Introduction: Damped amplitude of circadian rhythm in locomotor activity and clock gene expression is strongly suggested to initiate or exacerbate skeletal muscle catabolism in, e.g., aging, obesity and diabetes [1]. However, functional drugs or nutrients to counteract/reverse circadian rhythm disruption have not been identified yet. A bio-inspired approach could help fill this gap, by taking advantage of the peculiar ability of hibernating brown bears (Ursus arctos) not to develop muscle atrophy and metabolic diseases although they stay torpid (inactive and fasting with a reduced metabolic rate) for 5-7 months. We have shown previously that the hibernating bear serum contains components able to inhibit proteolysis in human muscle cells in vitro [2]. We therefore assessed the potential of bear serum to modulate muscular circadian rhythms and metabolic efficiency.

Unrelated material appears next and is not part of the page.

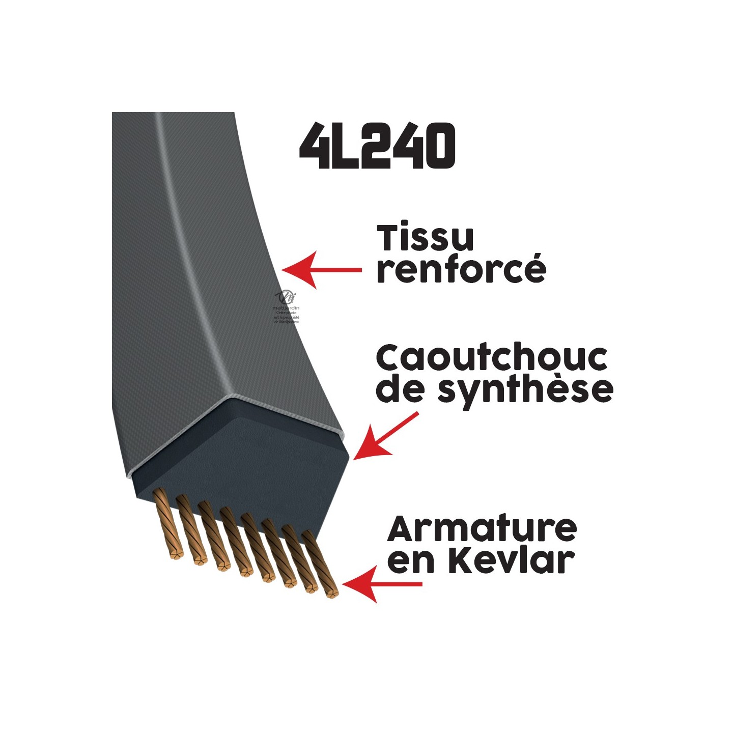 Courroie tondeuse 4L240 Teknic Kevlar Trapézoïdale - 12,7 mm x 610 mm

Method: To monitor the molecular clock oscillation, soleus and extensor digitorum longus (EDL) muscles, and the hypothalamic suprachiasmatic nucleus (SCN) from Period2-luciferase knockin mice [3] were dissected and cultured with 5% bear serum (BS, pool from 15 females and 4 males, see [4] for details about bear immobilization) collected either during summer (SBS, n=10) or winter (WBS, n=11). 5% fetal bovine serum (FBS, n=15) was used as a control. In parallel, mouse skeletal muscle C2C12 cells were cultured with SBS (n=6), WBS (n=6), or horse serum (HS, n=6) to evaluate mitochondrial oxygen consumption rate. All data was analyzed using a one-way ANOVA followed by Tukey-Kramer multiple comparison tests.

Results: We observed that both SBS and WBS increased the amplitude of Per2 independently of muscle type (202% increase p=0.043 in SBS-soleus, 231% increase p=0.003 in WBS-soleus, 680% increase p<0.001 in SBS-EDL, and 690% increase p<0.001 in WBS-EDL). The circadian period was shortened in soleus cultured with SBS (p=0.031), but not in EDL. The robustness of the rhythm was higher in soleus cultured with WBS (p=0.019) and in EDL cultured with SBS (p<0.001) or WBS (p=0.011) than in FBS-treated muscles. Neither SBS nor WBS affected any of the circadian parameters tested in the central clock, i.e. SCN.  On the other hand, mitochondrial oxygen consumption in mouse skeletal muscle cells was not affected by either SBS or WBS (p=0.688 and p=0.664, respectively).

Conclusions: Previous reports showed that the amplitude of clock gene oscillation was higher in skeletal muscle of healthy people than in diabetic patients, suggesting that an ample oscillation is linked to the maintenance of proper metabolic function [5]. In our study, both SBS and WBS increased the amplitude of Per2 oscillation in skeletal muscles, but not in the SCN. However, bear serum had no effect on energy metabolism in myocytes. The effect of bear serum on skeletal muscle clock therefore appears to be independent of energy metabolism, at least in in vitro conditions. Further studies are needed to determine (i) whether bear serum coordinates the circadian clock and energy metabolism under specific culture conditions, such as low temperature, and (ii) to what extent bear serum modifies the circadian transcriptome/proteome of exposed cells.